Photography is a powerful and important part of journalism, critical to storytelling and essential to the public record. That pictures are handled honestly and accurately is crucial to journalistic and historic integrity. And central to that is that photographs of public officials and events represent an independent point of view.

The Obama administration, however, does not seem to share that value. It has barred photojournalists from otherwise public events and distributed – as the only visual record publicly available – photos taken by White House staff members.

That is not news. It is not part of an accurate public record. That limitation reduces pictures of the president to propaganda, pure and simple.

A letter sent by The Associated Press and about three dozen other news agencies to White House Press Secretary Jay Carney said that by insisting on complete control of all photos the administration is “in effect, replacing independent photojournalism with visual press releases.”

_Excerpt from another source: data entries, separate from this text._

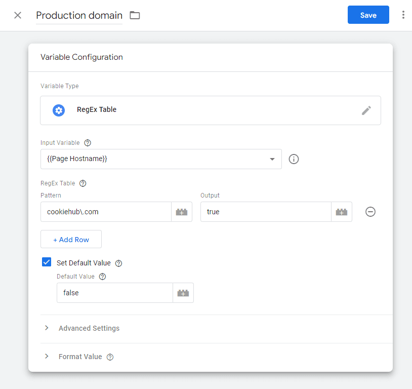 - In the RegEx Table, add a row and specify the production domain (e.g., cookiehub.com). Please note that special characters need to be escaped so put a backward slash in front of dots.
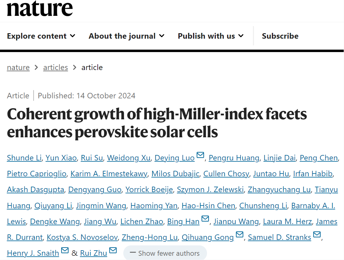 2024年10月14日,《Nature》报道了北航国际前沿交叉科学研究院罗德映教授和合作者在钙钛矿太阳能电池研究方面取得的最新进展:《Coherent growth of high-Miller-index facets enhances perovskite solar cells》。围绕反式钙钛矿太阳能电池面临“光子利用与电学损失”难以协同调控的关键技术挑战,该工作成功解密环境温度在钙钛矿半导体工艺中的重要作用,并基于此开发了能够实现钙钛矿微米级厚膜“光子利用与电学损失”协同调控的创新工艺技术,从而研制出高效稳定的反式钙钛矿太阳能电池。北航国际前沿交叉科学研究院罗德映教授、宁波东方理工大学韩兵助理教授、英国剑桥大学Samuel D. Stranks教授、英国牛津大学Henry J. Snaith院士、北京大学龚旗煌院士、北京大学朱瑞教授为通讯作者,北京欧美大片ppt免费大全为主要通讯单位之一。
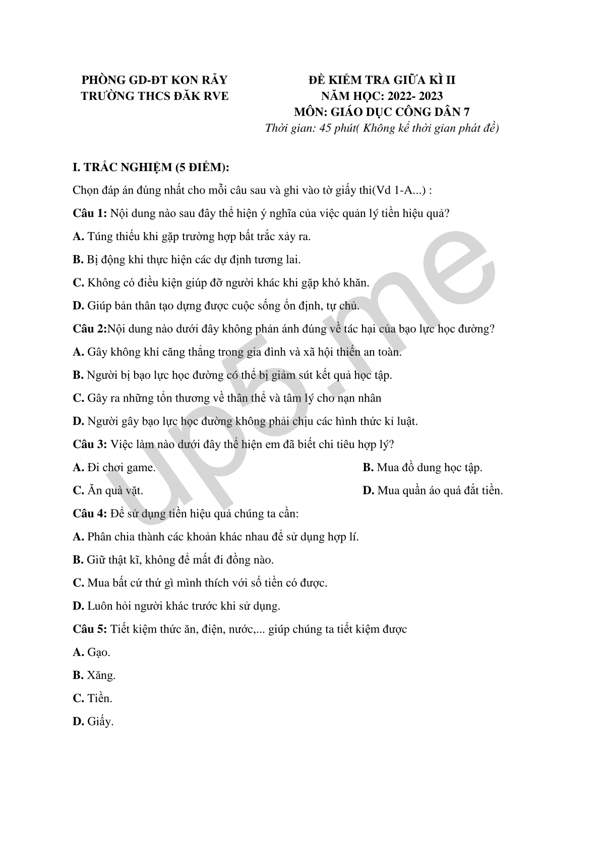ĐỀ KIỂM TRA GIỮA KÌ II NĂM HỌC: 2022- 2023 MÔN: GIÁO DỤC CÔNG DÂN 7 Thời gian: 45 phút( Không kể thời gian phát đề) |
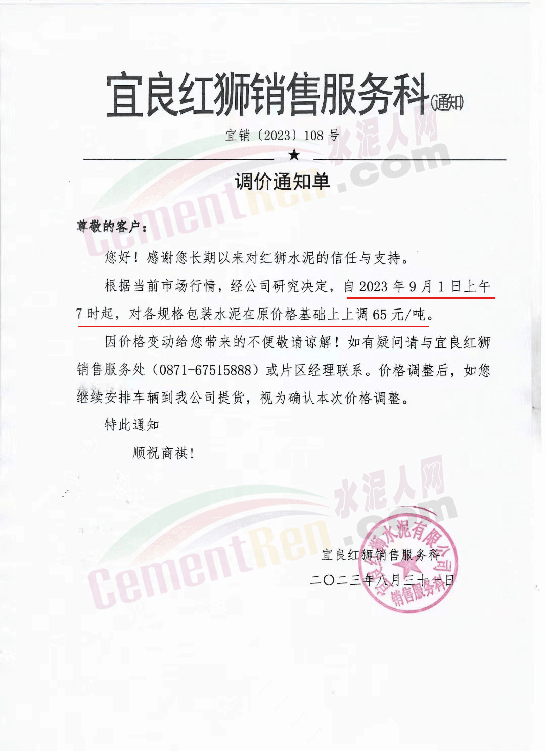 宜良紅獅銷售服務(wù)科通知,根據(jù)當(dāng)前市場行情,經(jīng)公司研究決定自2023年9月1日上午7時起,對各規(guī)格包裝水泥在原價格基礎(chǔ)上上調(diào)65元/噸。對紅獅牌PO42.5、PO52.5散裝水泥在原價格基礎(chǔ)上上調(diào)30元/噸。
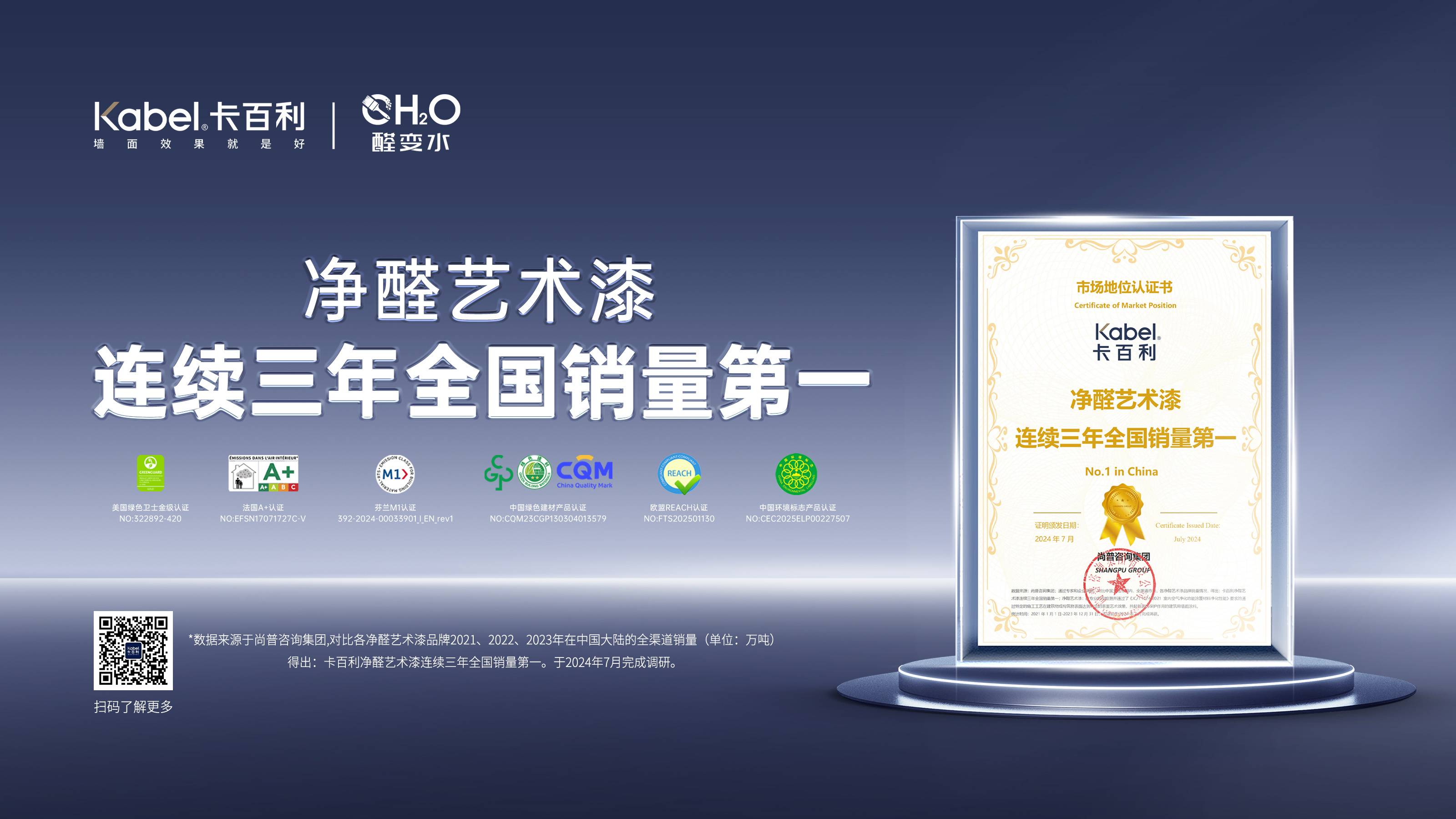 卡百利作为国际化高端艺术涂料品牌,已在全国布局超过1200家经销商与1300家终端门店,累计为百万家庭提供优质的艺术涂料软装服务,深受市场与消费者信赖。据尚普咨询2021-2023年数据调研显示,卡百利净醛艺术漆已连续三年全国销量领先。在品质认证方面,卡百利多款产品获得法国A+、美国绿色卫士金级、芬兰M1、欧盟REACH、中国绿色建材、中国环境标志等权威环保认证,充分印证其在健康环保层面的高标准。
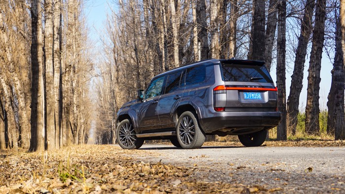 車身側(cè)面輪廓線條簡潔利落,展現(xiàn)出SUV的穩(wěn)重感和力量感。車窗下沿做了階梯式設(shè)計,方便駕駛員越野時觀察路況。車身尺寸為4960×1980×1935mm,軸距達(dá)到了2850mm。

As such, the president can control exactly how he appears, from which angle he is seen, what he is photographed doing and with whom he is shown. Perhaps he would rather not be seen standing next to a Republican who is taller. No problem, the only photo released will show them seated. Perhaps he would rather not remind his critics of his African heritage, so no photo of his meeting with the Kenyan ambassador. The spin possibilities are endless.

Of course, that is exactly the kind of control advertising executives would insist on when filming a car commercial for television. But we all know that buying the new car will not make us young and beautiful, nor give us the time to cruise uncrowded roads along spectacular coastlines. What is the analogous pitch from the White House?

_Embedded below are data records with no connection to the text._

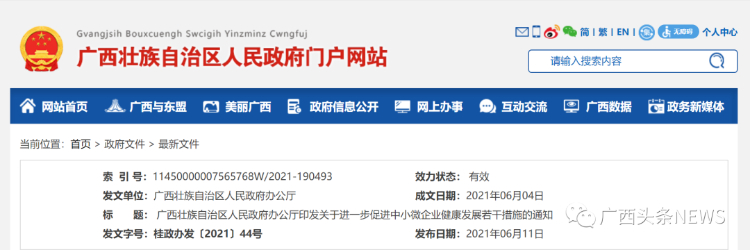 截图自广西壮族自治区人民政府网站。
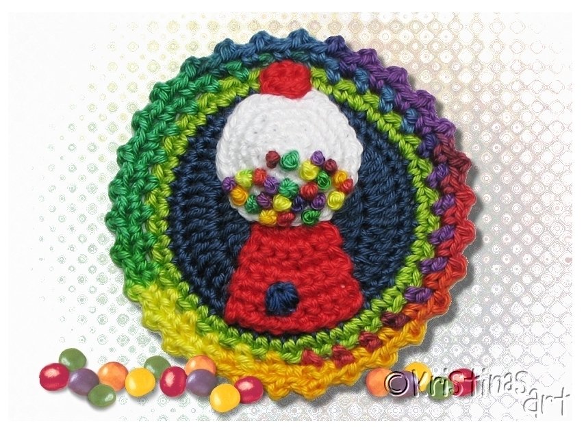 Häkel dir eine coole Kaugummiautomat-Applikation, gefüllt mit kunterbunten Kaugummis.
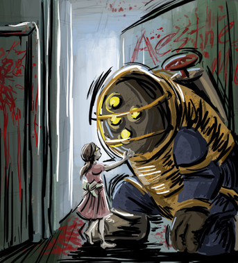 I love me some Bioshock.I'm a giant chicken when it comes to scary games, but I've managed to overcome my fears to play Bioshock. I love the story, and the characters are wonderful, and this game is such a work of art...I had to make some art of my own.
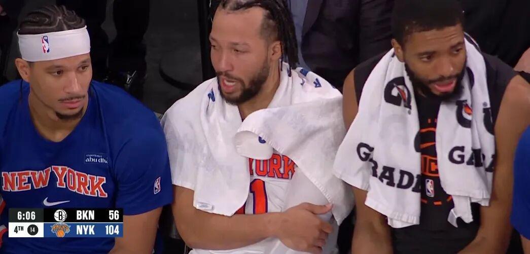 第四节打了6分钟,尼克斯首发五大大主力早早三节打卡下班,板凳对板凳,水兵对水手,篮网末节竟然6分钟0分,6分钟0分,6分钟0分。

To be clear, no one is asking for access to classified information or intimate family events. In a letter to their members, the presidents of the American Society of News Editors and the Associated Press Media Editors wrote that, “These are not instances where national security is at stake, but rather, presidential activities of a fundamentally public nature.” The events they cited “included President Obama meeting with the Congressional Hispanic Caucus, with former Secretary of State Hillary Clinton, with African-American clergy and with Pakistani human rights activist Malala Yousafzai.”

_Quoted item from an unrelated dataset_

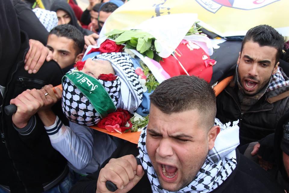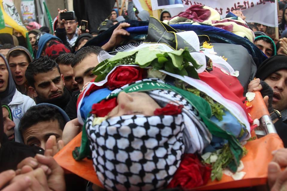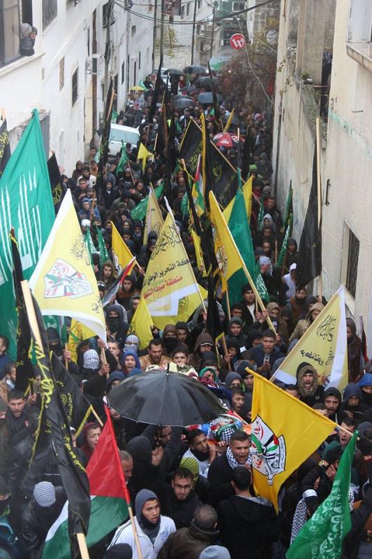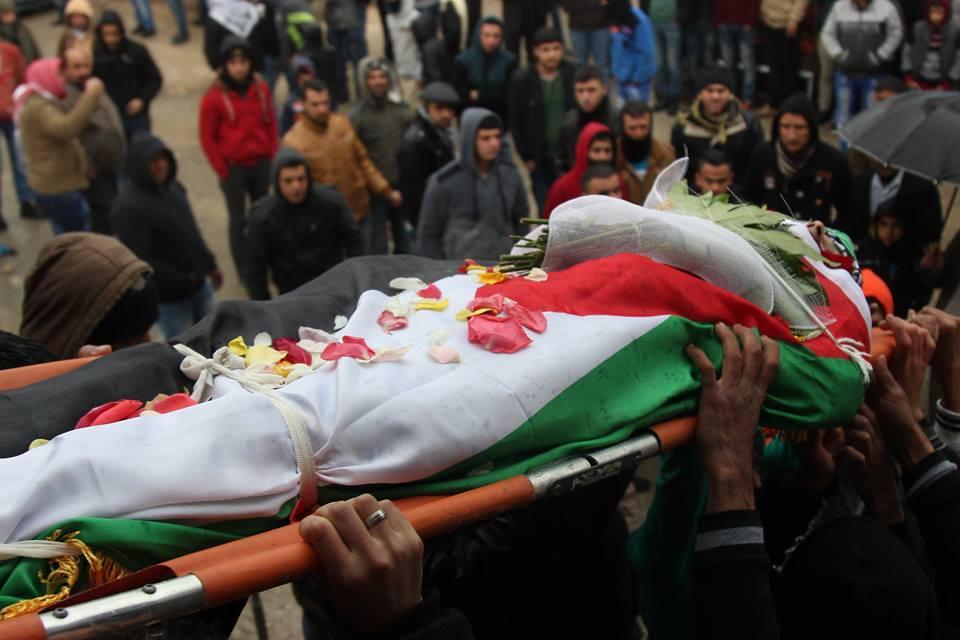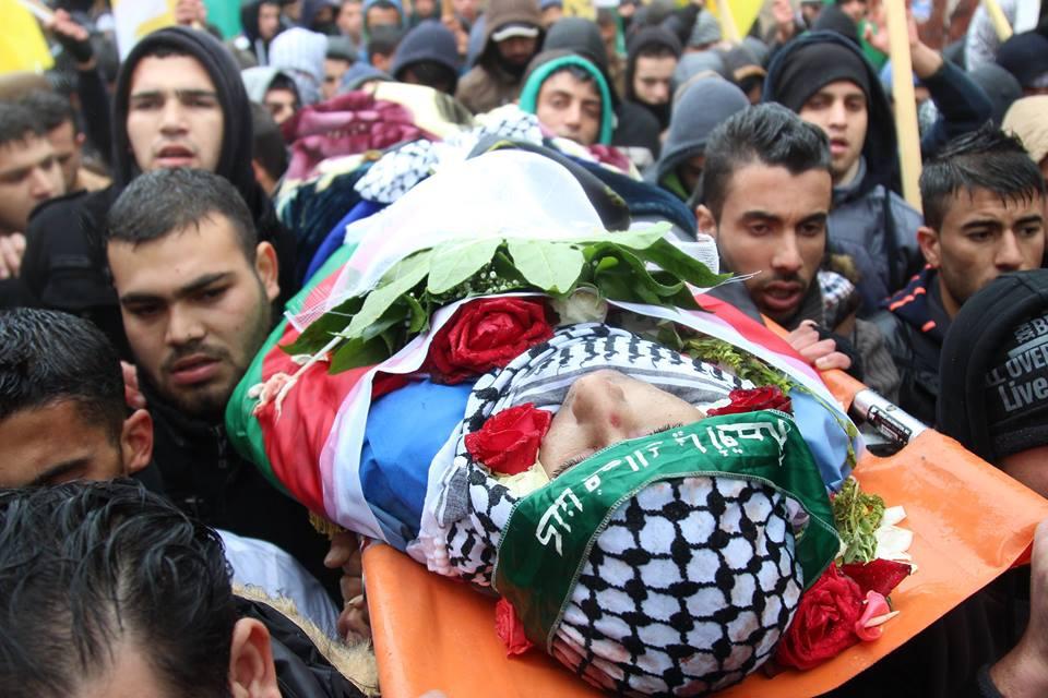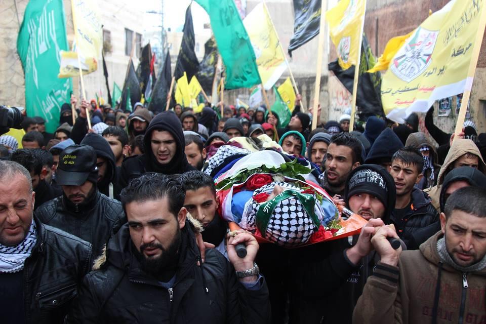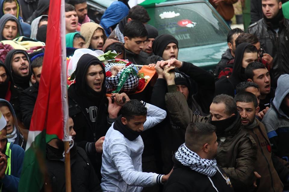 تشييع جثمان الشهيد عز الدين رداد في قرية صيدا بمدينة طولكرم
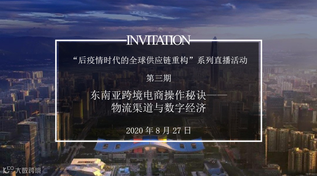 2020年8月27日,由香港贸易发展局、深圳市走出去战略合作联盟、深圳市国际交流合作基金会联合举办『“后疫情时代的全球供应链重构”系列直播活动第三期:东南亚跨境电商操作秘诀——物流渠道与数字经济』即将线上直播。欢迎有意参加的企业点击下方“阅读原文”或扫描下方二维码填写报名信息。

And outside photojournalists cannot be there when the president pardons the turkey? Really?

The flip side of barring independent photographers is reflected in the administration’s mastery of social media. As Ron Fournier of the National Journal has said, Obama is “simultaneously restricting access of independent media while flooding the public with state-run media.”

It is all spin, and the real danger lies in not knowing its extent. One of the most famous photos released by the Obama administration was taken in the White House Situation Room when American forces killed Osama bin Laden. Dana Milbank of The Washington Post has written that the image was “digitally altered so that material on the table in front of the secretary of state could not be seen.”

Maybe that was a classified document. Then again, maybe it was just a copy of the National Enquirer and Hillary Clinton would rather not look shallow at such a momentous event. But that something was deleted raises the obvious question as to what other images might have been altered.

The only answer is an independent view from photographers and photo editors not tied to the president. Whether it be Fox News or MSNBC, The New York Times or The Wall Street Journal, no news agency simply repeats press releases. They cannot be expected to do likewise with photos.